Your goal – Please restate the data that follows word for word, with the pictures left out.
Data below:
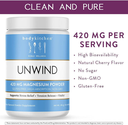 Body Kitchen - Unwind, Dimagnesium Malate, Magnesium Bisglycinate 420mg, Anti-Stress Magnesium Supplement Drink Mix Powder - Cherry, Vegan, Gluten Free and Non-GMO, 60 Servings
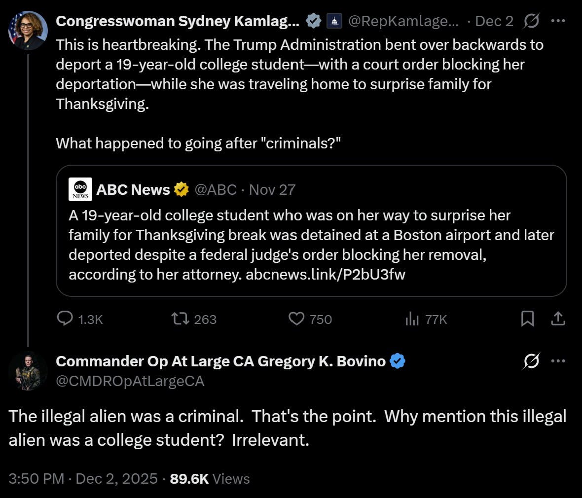 López Belloza, a college freshman, was traveling home to surprise her family during Thanksgiving break when her life was abruptly upended. After clearing TSA, she was apprehended by immigration officials at the airport gate. The following day, a federal judge issued “an emergency order prohibiting the government from moving her out of Massachusetts or the United States”. Instead of complying, the Trump administration deported her the very next day. In this instance, it is fair to ask: who was actually behaving criminally?
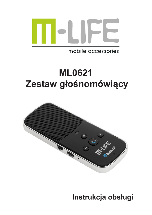 ML0621 Zestaw głośnomówiący Instrukcja obsługi Instrukcja obsługi Specyfikacja • Bluetooth: 3.0 + EDR • Obsługa multipoint (dwa telefony jednocześnie) • Łatwa procedura powiązania urządzeń • Zasięg do 10m • Automatyczne wyłączenie po 10 min braku połączenia z telefonem • Obsługa Voice dialing (komendy zapisane w telefonie) • Automatyczne ponowne parowanie z telefonem • Zaawansowana technologia redukcji dźwięków otoczenia • Wysokiej jakości głośnik • Przycisk wyciszenia mikrofonu podczas rozmowy • Zintegrowany najnowszy chip dla redukcji odgłosu min. otwartej szyby • Dioda sygnalizacyjna LED • Łatwe przełączanie między trybem rozmowy przez telefon i zestaw • Regulacja głośności • Czas słuchania muzyki: do 3 godzin • Czas rozmów: do 8 godzin • Czas czuwania: do 1000 godzin • Waga bez baterii: 45g Uwaga: Specyfikacja produktu może ulec zmianie bez powiadomienia. PL 2 Instrukcja obsługi Opis Głośnik Wskaźnik LED Wyciszenie Przycisk wielofunkcyjny Głośność + Gniazdo ładowania Przycisk zmiany trybu Głośność - Mikrofon Włączenie / wyłączenie urządzenia Aby włączyć urządzenie, należy nacisnąć i przytrzymać przycisk wielofunkcyjny przez około 3 sekundy (do momentu usłyszenia sygnału dźwiękowego). Aby wyłączyć urządzenie, należy ponownie nacisnąć i przytrzymać przycisk wielofunkcyjny przez około 3 sekundy. PL 3 Instrukcja obsługi Parowanie urządzeń 1. Należy umieścić oba urządzenia w odległości nie większej niż 1 metr od siebie. 2. Należy upewnić się, że zestaw głośnomówiący jest wyłączony. 3. Należy nacisnąć i przytrzymać przycisk wielofunkcyjny przez około 6 sekund (do momentu usłyszenia sygnału „Ready to pair”). W trybie parowania wskaźnik LED miga na przemian na kolor czerwony/niebieski. 4. Należy włączyć funkcję Bluetooth na telefonie i uruchomić wyszukiwanie nowych urządzeń (patrz instrukcja obsługi telefonu). 5. Z listy dostępnych urządzeń należy wybrać „BT Speaker”. 6. W razie potrzeby, należy podać kod „0000”. O poprawnym sparowaniu urządzeń informuje komunikat „Phone 1 connected” oraz niebieska dioda migająca co 3 sekundy. Niniejszym firma Lechpol oświadcza, że urządzenie ML0621 jest zgodne z zasadniczymi wymaganiami oraz innymi stosownymi postanowieniami dyrektywy 1999/5/WE. Właściwa deklaracja do pobrania na stronie www.lechpol.eu PL 4 www.m-life.pl
End of Data.
Answer for this exercise –
 Body Kitchen - Unwind, Dimagnesium Malate, Magnesium Bisglycinate 420mg, Anti-Stress Magnesium Supplement Drink Mix Powder - Cherry, Vegan, Gluten Free and Non-GMO, 60 Servings
 López Belloza, a college freshman, was traveling home to surprise her family during Thanksgiving break when her life was abruptly upended. After clearing TSA, she was apprehended by immigration officials at the airport gate. The following day, a federal judge issued “an emergency order prohibiting the government from moving her out of Massachusetts or the United States”. Instead of complying, the Trump administration deported her the very next day. In this instance, it is fair to ask: who was actually behaving criminally?
 ML0621 Zestaw głośnomówiący Instrukcja obsługi Instrukcja obsługi Specyfikacja • Bluetooth: 3.0 + EDR • Obsługa multipoint (dwa telefony jednocześnie) • Łatwa procedura powiązania urządzeń • Zasięg do 10m • Automatyczne wyłączenie po 10 min braku połączenia z telefonem • Obsługa Voice dialing (komendy zapisane w telefonie) • Automatyczne ponowne parowanie z telefonem • Zaawansowana technologia redukcji dźwięków otoczenia • Wysokiej jakości głośnik • Przycisk wyciszenia mikrofonu podczas rozmowy • Zintegrowany najnowszy chip dla redukcji odgłosu min. otwartej szyby • Dioda sygnalizacyjna LED • Łatwe przełączanie między trybem rozmowy przez telefon i zestaw • Regulacja głośności • Czas słuchania muzyki: do 3 godzin • Czas rozmów: do 8 godzin • Czas czuwania: do 1000 godzin • Waga bez baterii: 45g Uwaga: Specyfikacja produktu może ulec zmianie bez powiadomienia. PL 2 Instrukcja obsługi Opis Głośnik Wskaźnik LED Wyciszenie Przycisk wielofunkcyjny Głośność + Gniazdo ładowania Przycisk zmiany trybu Głośność - Mikrofon Włączenie / wyłączenie urządzenia Aby włączyć urządzenie, należy nacisnąć i przytrzymać przycisk wielofunkcyjny przez około 3 sekundy (do momentu usłyszenia sygnału dźwiękowego). Aby wyłączyć urządzenie, należy ponownie nacisnąć i przytrzymać przycisk wielofunkcyjny przez około 3 sekundy. PL 3 Instrukcja obsługi Parowanie urządzeń 1. Należy umieścić oba urządzenia w odległości nie większej niż 1 metr od siebie. 2. Należy upewnić się, że zestaw głośnomówiący jest wyłączony. 3. Należy nacisnąć i przytrzymać przycisk wielofunkcyjny przez około 6 sekund (do momentu usłyszenia sygnału „Ready to pair”). W trybie parowania wskaźnik LED miga na przemian na kolor czerwony/niebieski. 4. Należy włączyć funkcję Bluetooth na telefonie i uruchomić wyszukiwanie nowych urządzeń (patrz instrukcja obsługi telefonu). 5. Z listy dostępnych urządzeń należy wybrać „BT Speaker”. 6. W razie potrzeby, należy podać kod „0000”. O poprawnym sparowaniu urządzeń informuje komunikat „Phone 1 connected” oraz niebieska dioda migająca co 3 sekundy. Niniejszym firma Lechpol oświadcza, że urządzenie ML0621 jest zgodne z zasadniczymi wymaganiami oraz innymi stosownymi postanowieniami dyrektywy 1999/5/WE. Właściwa deklaracja do pobrania na stronie www.lechpol.eu PL 4 www.m-life.pl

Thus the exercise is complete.